- Instructions to follow
Every line of the data below must be output exactly, with images left out.

[Provided data — start]

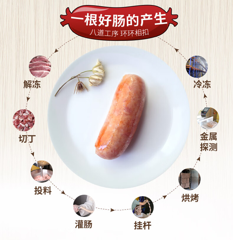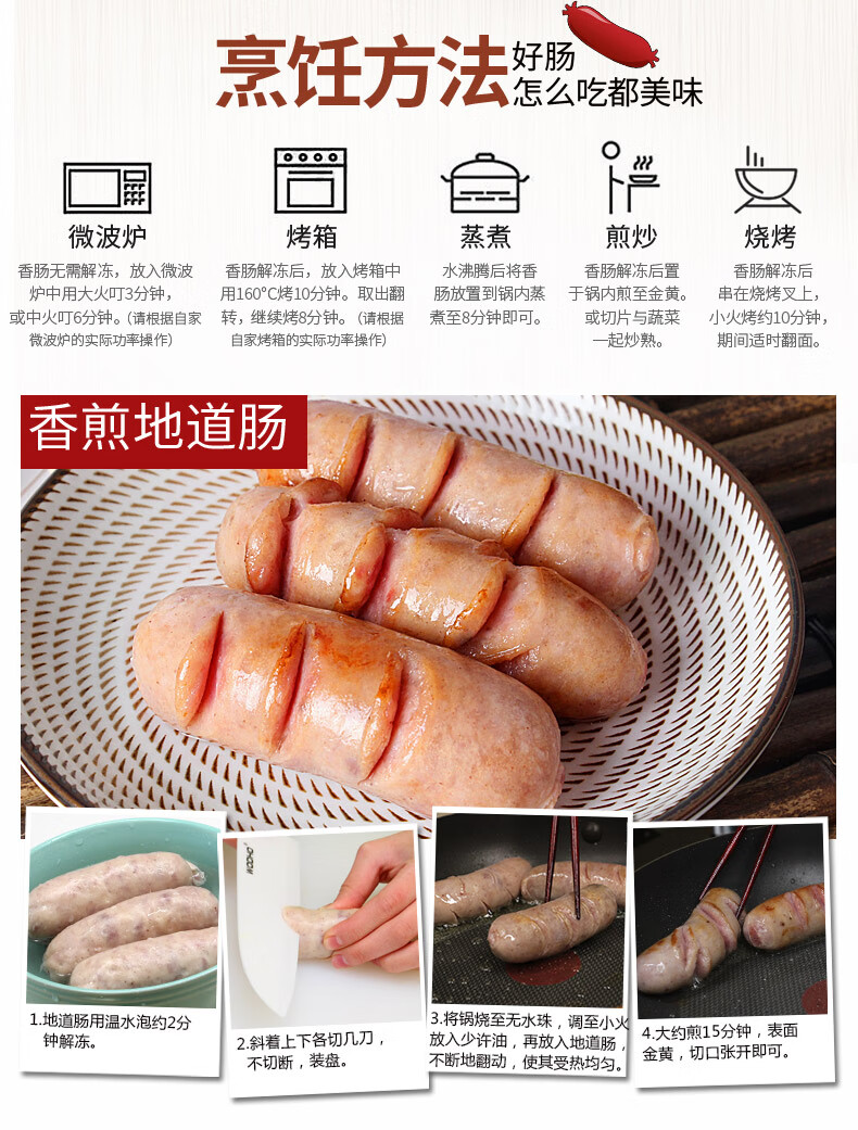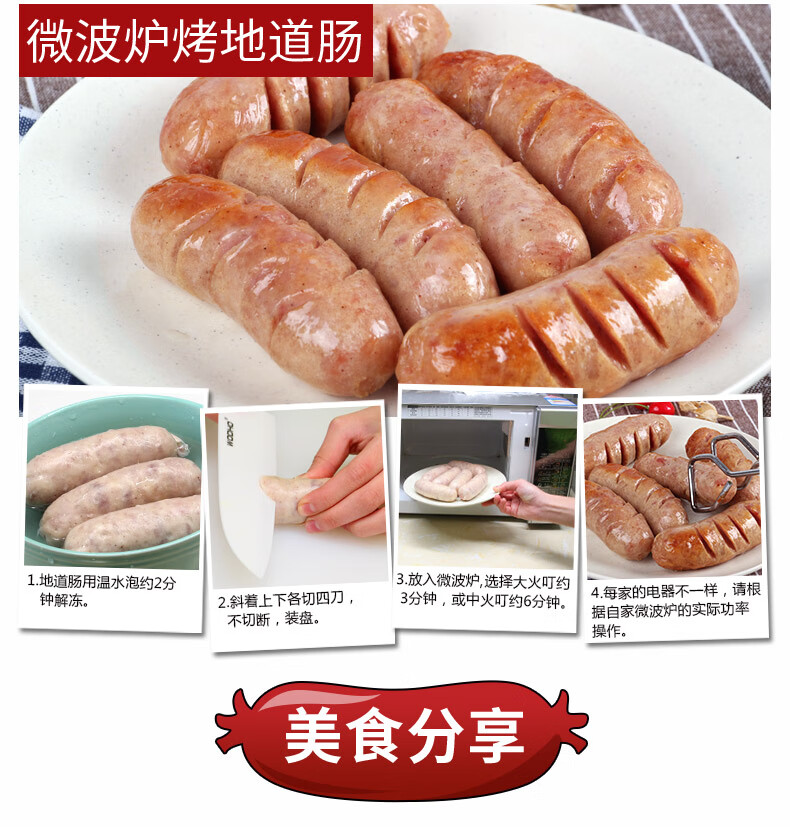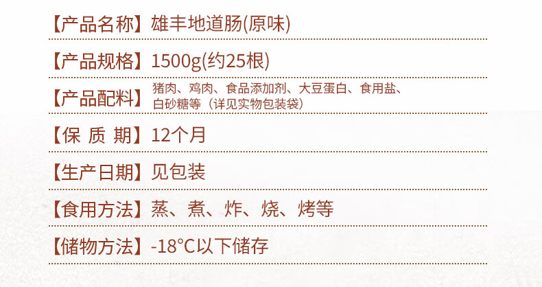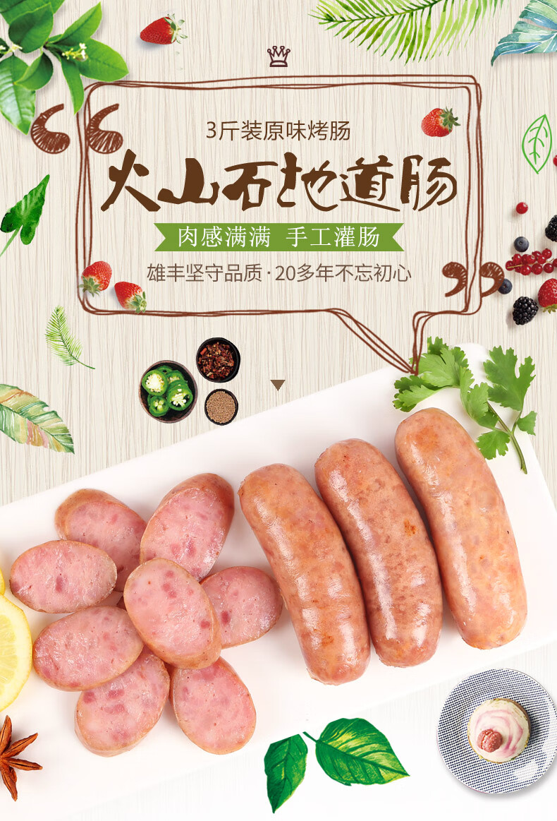 雄丰原味火山石烤肠(3斤/袋)热狗香肠猪肉台式早餐食品肠烧烤批发
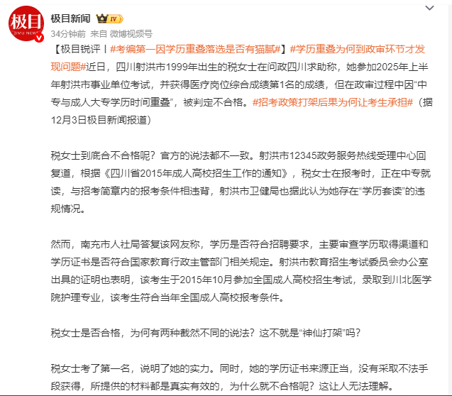 近日,四川射洪市1999年出生的税女士在问政四川求助称,她参加2025年上半年射洪市事业单位考试,并获得医疗岗位综合成绩第1名的成绩,但在政审过程中因“中专与成人大专学历时间重叠”,被判定不合格。#招考政策打架后果为何让考生承担#(据12月3日极目新闻报道)
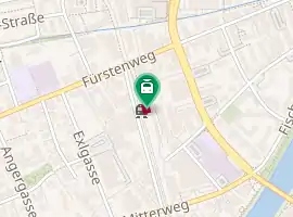 The station lies in Hötting, to the west of the town centre, between Fürstenweg, to which it is connected by a pedestrian path, and Ampfererstraße from which there is car access. Is it geographically the closest rail station to the Innsbruck Airport, from where local bus F travels along Fürstenweg near the station.

[Provided data — finish]

- Output
 雄丰原味火山石烤肠(3斤/袋)热狗香肠猪肉台式早餐食品肠烧烤批发
 近日,四川射洪市1999年出生的税女士在问政四川求助称,她参加2025年上半年射洪市事业单位考试,并获得医疗岗位综合成绩第1名的成绩,但在政审过程中因“中专与成人大专学历时间重叠”,被判定不合格。#招考政策打架后果为何让考生承担#(据12月3日极目新闻报道)
 The station lies in Hötting, to the west of the town centre, between Fürstenweg, to which it is connected by a pedestrian path, and Ampfererstraße from which there is car access. Is it geographically the closest rail station to the Innsbruck Airport, from where local bus F travels along Fürstenweg near the station.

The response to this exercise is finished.